For years you’ve wanted to go it on your own, but you’re afraid. You don’t know how to go about it and you have very little real business experience. Someone mentions franchising. You look into it.
The franchisee’s point of view You find out that many franchisers have already done what you want to do. They’ve built their own businesses from the ground up, established a brand and provided their own management and support systems.
Now they are selling franchises to others who want to get into business but lack certain knowledge, skills and self-confidence.
You read the results of a survey that reports 95 per cent of franchises are profitable after five years, compared to only 45 per cent of other small businesses.
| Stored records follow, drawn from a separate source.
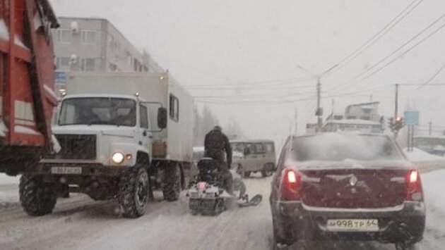 Транспортный коллапс. Саратовцы добираются до работы на снегоходах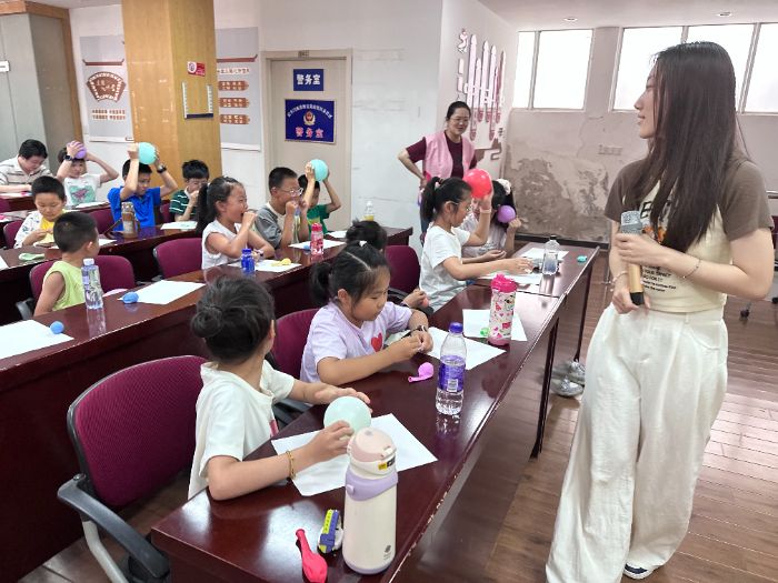 7月5日上午,當實踐隊員推開富貴山社區(qū)活動室的門,迎接他們的是一張張稚嫩而充滿好奇的臉龐。活動現場,一場關于星空、古詩與未來的對話即將開始。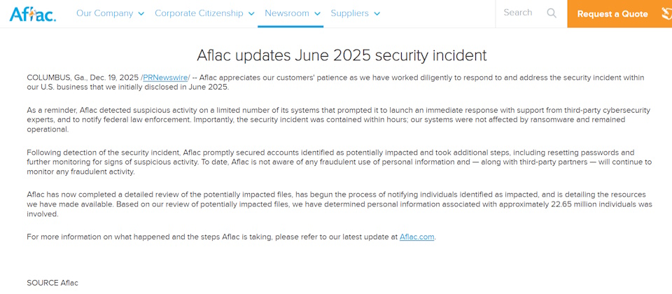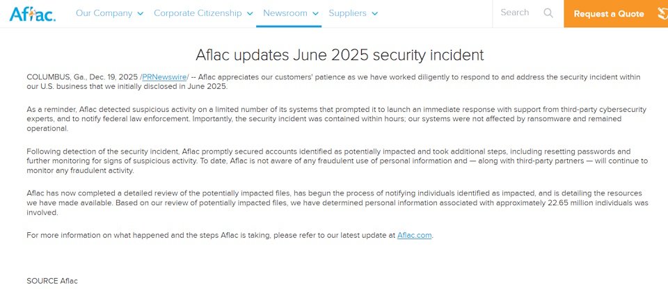 Aflac說明,公司是在去年6月發現這起網路攻擊行動,隨後花了近六個月進行調查。該公司於12月初完成調查,並在聖誕節前夕於網站公告此事及通知受影響人員。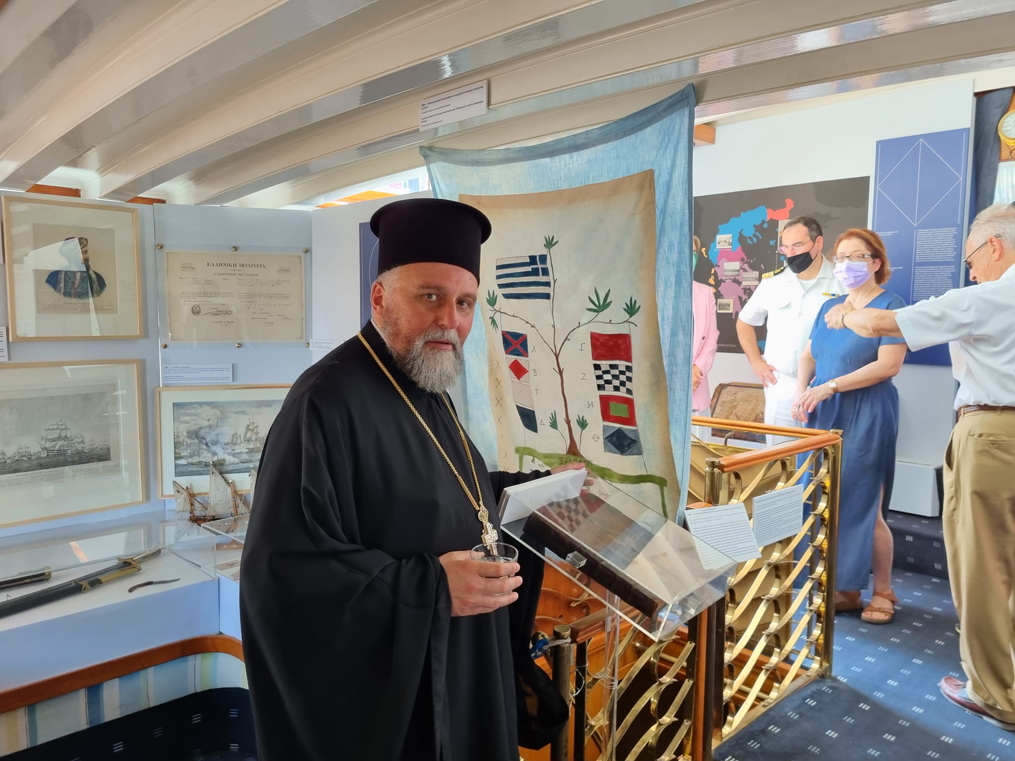 Στην υποδοχή, τον Σεβασμιώτατο Ποιμενάρχη μας κ. ΕΦΡΑΙΜ εκπροσώπησε ο Γενικός Αρχιερατικός Επίτροπος πρωτ. π. Ακίνδυνος Δαρδανός, ο οποίος μετέφερε τις πατρικές ευχές Του και ξεναγήθηκε στην εν λόγω πλωτή Έκθεση.

You’re convinced.
The franchiser owns one of these ‘best practices’ and it’s for sale. It’s not risk free, but it is less risky than going it completely alone. At mid-life, you decide to invest your retirement savings in a franchise venture. Buying a franchise is one hurdle, but you find out that the franchiser doesn’t just accept anyone. The franchisees are a community that share risk. All the franchisees are responsible for living up to the reputation of the brand, and a few bad apples can spoil the barrel. But you pass the initiation, pay the fee and soon you are in business.
Things go well, and you learn a lot. So much, in fact, that you begin to chafe at the rules you have been following. After all, it’s your business. You have your rights and you think you know better.
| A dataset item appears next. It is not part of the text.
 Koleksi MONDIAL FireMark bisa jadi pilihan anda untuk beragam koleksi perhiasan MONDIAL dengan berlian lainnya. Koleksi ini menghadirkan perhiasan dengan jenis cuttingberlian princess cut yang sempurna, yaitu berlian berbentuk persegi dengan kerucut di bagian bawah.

The franchiser, however, disagrees – says you contracted with him to get the benefit of his experience and know-how, his brand reputation, his management support systems and his quality standards. You must follow them. Suddenly the relationship is going south.
The franchiser’s point of view Originally the franchiser was motivated in the same way his eventual franchisee now is – tired of being an employee; wanting to be his own boss. He had considerable experience in the field and, indeed, just completed a later-in-life MBA. He was looking beyond a single business by becoming a franchiser.
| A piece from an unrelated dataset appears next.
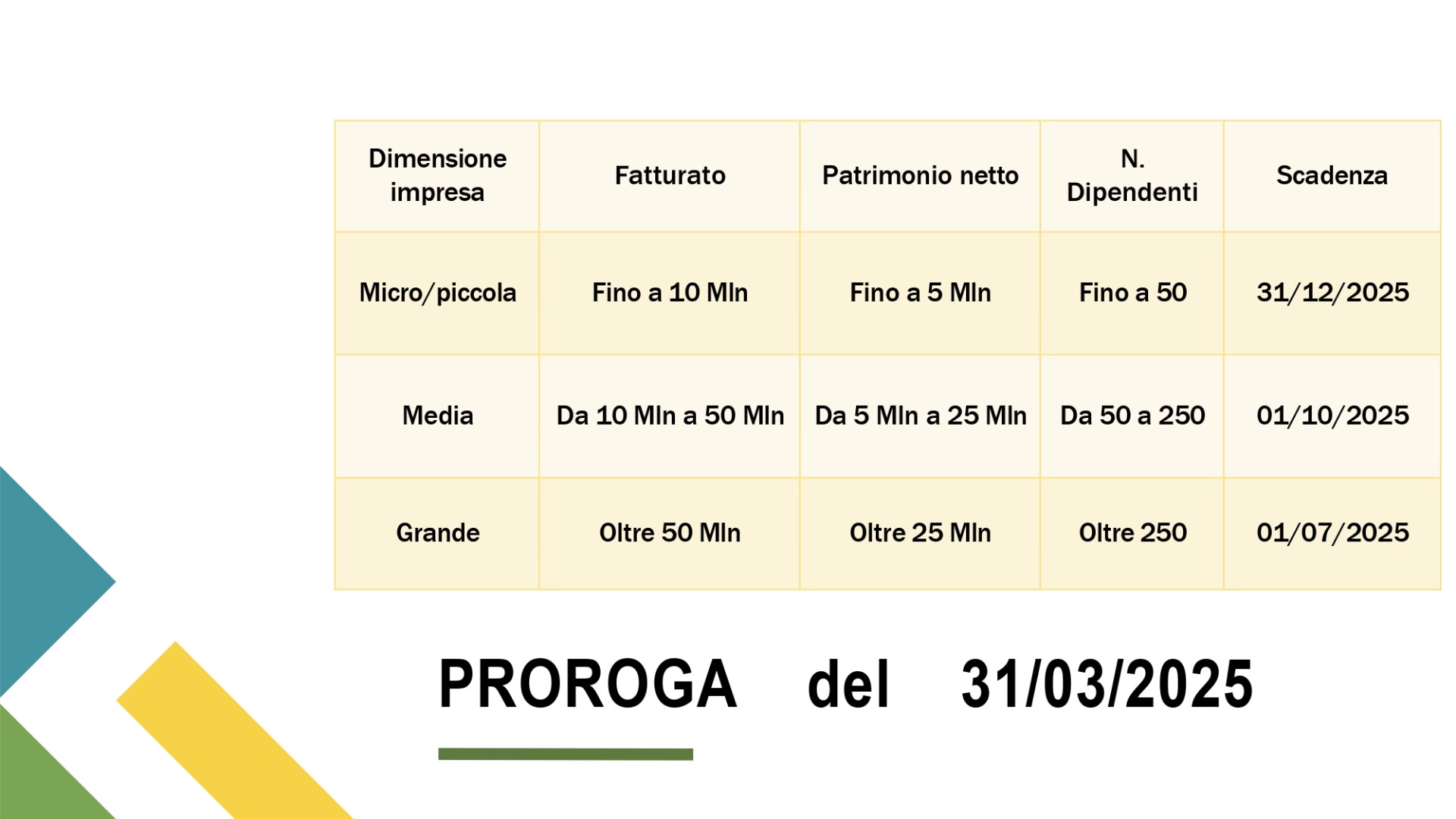 Inizialmente il termine ultimo entro cui le imprese erano tenute ad assicurarsi era il 31 marzo 2025.

All the franchising literature tells you the same thing – create The model, offer franchises and control them through licensure. The franchisee is buying into a going concern and getting support from a bigger business.
So what’s the problem? Noncompliance. It’s the industry’s biggest problem. Lately, enforcement has turned to compliance audits, driving the relationship further south.
I have a long-time friend who is a coast-to-coast senior-care franchiser in the US. We were having dinner recently and he was telling me that after ten years he wasn’t having the fun he once had. The constant conflict with some of his franchisees was wearing him down.
I listened with keen interest as he gave me details.
Then he said: “But, enough about me, how about you? How’s the KM thing going?”
He has always shown a genuine interest in the concepts of knowledge management (KM) and I filled him in on the latest. Then he asked, “How can a small company like mine – with seven employees – use KM?”
I realised I had been talking entirely about global mega-companies and that made it seem like KM wasn’t for small companies.
“Well,” I said, “it’s the big companies doing it, but KM can be for any size company down to a company of one.”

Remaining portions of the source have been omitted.